### [Problem statement]
The lines to reproduce from the material below are those from the one containing "FANTASTICDAYS(ファンタステ" through the one containing "Clubs, Relaxing Days", both included; write them out exactly and add nothing.

········

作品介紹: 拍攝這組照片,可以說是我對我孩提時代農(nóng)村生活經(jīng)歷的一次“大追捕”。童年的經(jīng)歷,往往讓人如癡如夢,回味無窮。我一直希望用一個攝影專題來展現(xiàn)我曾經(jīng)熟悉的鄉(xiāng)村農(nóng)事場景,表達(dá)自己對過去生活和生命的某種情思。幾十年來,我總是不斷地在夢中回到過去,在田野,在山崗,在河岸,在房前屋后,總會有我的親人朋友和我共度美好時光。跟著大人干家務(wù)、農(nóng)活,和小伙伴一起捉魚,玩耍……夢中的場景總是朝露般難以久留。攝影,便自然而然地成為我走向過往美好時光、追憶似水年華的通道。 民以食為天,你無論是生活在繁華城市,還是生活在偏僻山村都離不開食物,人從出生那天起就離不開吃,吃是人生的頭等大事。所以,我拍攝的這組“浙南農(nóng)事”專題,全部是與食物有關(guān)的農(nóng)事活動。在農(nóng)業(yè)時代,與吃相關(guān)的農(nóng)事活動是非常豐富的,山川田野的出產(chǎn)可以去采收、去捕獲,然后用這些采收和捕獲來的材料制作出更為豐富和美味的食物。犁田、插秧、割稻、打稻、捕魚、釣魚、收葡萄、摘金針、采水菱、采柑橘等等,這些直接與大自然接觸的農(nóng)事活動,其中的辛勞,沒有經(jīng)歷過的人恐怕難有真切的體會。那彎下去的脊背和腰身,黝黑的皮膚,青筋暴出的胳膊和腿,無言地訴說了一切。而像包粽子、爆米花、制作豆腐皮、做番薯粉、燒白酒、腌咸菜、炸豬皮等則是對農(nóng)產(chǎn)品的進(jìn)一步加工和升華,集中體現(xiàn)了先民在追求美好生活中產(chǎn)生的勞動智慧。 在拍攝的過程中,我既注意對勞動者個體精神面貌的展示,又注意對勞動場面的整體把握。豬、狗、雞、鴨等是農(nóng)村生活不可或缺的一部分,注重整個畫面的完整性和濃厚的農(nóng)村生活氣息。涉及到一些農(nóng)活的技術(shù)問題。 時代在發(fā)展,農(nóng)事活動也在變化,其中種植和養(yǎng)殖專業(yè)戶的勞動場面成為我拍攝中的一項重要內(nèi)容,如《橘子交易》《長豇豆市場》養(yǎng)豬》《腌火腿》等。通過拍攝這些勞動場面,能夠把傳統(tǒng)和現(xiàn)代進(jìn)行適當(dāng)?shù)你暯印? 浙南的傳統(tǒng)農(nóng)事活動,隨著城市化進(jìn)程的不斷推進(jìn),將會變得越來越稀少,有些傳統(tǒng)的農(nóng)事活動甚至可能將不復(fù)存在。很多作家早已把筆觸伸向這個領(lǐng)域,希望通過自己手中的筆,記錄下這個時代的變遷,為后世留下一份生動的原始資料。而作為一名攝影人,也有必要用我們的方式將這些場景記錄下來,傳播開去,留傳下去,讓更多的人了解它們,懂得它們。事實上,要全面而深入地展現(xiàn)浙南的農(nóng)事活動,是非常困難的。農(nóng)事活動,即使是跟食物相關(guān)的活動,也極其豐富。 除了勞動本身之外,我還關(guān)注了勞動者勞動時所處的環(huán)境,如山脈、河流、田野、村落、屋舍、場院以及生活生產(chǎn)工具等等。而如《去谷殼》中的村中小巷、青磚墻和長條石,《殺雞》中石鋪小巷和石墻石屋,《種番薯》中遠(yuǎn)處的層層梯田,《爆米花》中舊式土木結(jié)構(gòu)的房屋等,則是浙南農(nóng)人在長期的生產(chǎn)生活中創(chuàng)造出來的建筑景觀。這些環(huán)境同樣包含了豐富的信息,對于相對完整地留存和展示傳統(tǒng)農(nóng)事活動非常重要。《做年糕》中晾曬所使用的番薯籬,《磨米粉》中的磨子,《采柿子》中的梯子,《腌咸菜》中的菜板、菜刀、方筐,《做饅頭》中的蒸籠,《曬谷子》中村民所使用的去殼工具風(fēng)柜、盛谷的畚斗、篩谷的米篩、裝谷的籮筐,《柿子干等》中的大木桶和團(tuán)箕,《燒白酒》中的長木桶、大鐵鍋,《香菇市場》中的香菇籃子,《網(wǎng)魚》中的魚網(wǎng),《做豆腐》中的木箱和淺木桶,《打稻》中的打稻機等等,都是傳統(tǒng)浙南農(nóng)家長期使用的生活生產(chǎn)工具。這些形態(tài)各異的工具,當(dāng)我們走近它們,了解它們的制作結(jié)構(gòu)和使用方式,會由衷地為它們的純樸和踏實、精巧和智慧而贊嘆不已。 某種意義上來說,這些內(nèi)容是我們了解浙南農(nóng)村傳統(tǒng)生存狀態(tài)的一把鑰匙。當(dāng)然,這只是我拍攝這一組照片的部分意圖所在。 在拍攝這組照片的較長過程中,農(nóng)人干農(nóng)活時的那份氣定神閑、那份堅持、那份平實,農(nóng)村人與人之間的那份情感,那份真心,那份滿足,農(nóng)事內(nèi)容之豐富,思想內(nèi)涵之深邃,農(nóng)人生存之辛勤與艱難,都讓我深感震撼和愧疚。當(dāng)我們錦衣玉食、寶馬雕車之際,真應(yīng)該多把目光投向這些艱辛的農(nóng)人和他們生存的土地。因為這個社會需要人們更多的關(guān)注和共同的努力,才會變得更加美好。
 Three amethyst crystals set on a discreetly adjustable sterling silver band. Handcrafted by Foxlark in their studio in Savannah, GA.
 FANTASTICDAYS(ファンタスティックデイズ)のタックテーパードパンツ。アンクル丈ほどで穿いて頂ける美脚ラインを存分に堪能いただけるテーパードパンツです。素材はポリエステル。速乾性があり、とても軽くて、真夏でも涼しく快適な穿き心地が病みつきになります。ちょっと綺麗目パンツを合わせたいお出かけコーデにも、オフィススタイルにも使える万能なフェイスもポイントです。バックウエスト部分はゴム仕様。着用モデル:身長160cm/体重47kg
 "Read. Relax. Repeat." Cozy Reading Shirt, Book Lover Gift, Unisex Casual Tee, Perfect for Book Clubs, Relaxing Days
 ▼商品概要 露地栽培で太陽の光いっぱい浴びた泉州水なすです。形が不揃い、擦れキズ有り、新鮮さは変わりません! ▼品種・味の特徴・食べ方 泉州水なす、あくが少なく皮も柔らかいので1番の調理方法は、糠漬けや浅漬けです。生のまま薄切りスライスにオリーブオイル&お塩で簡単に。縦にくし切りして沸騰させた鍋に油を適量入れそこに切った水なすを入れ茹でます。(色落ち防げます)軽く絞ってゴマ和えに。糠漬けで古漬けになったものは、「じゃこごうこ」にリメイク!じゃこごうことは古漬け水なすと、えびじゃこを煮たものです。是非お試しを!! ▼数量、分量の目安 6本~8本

········

### [Result of this exercise]
 FANTASTICDAYS(ファンタスティックデイズ)のタックテーパードパンツ。アンクル丈ほどで穿いて頂ける美脚ラインを存分に堪能いただけるテーパードパンツです。素材はポリエステル。速乾性があり、とても軽くて、真夏でも涼しく快適な穿き心地が病みつきになります。ちょっと綺麗目パンツを合わせたいお出かけコーデにも、オフィススタイルにも使える万能なフェイスもポイントです。バックウエスト部分はゴム仕様。着用モデル:身長160cm/体重47kg
 "Read. Relax. Repeat." Cozy Reading Shirt, Book Lover Gift, Unisex Casual Tee, Perfect for Book Clubs, Relaxing Days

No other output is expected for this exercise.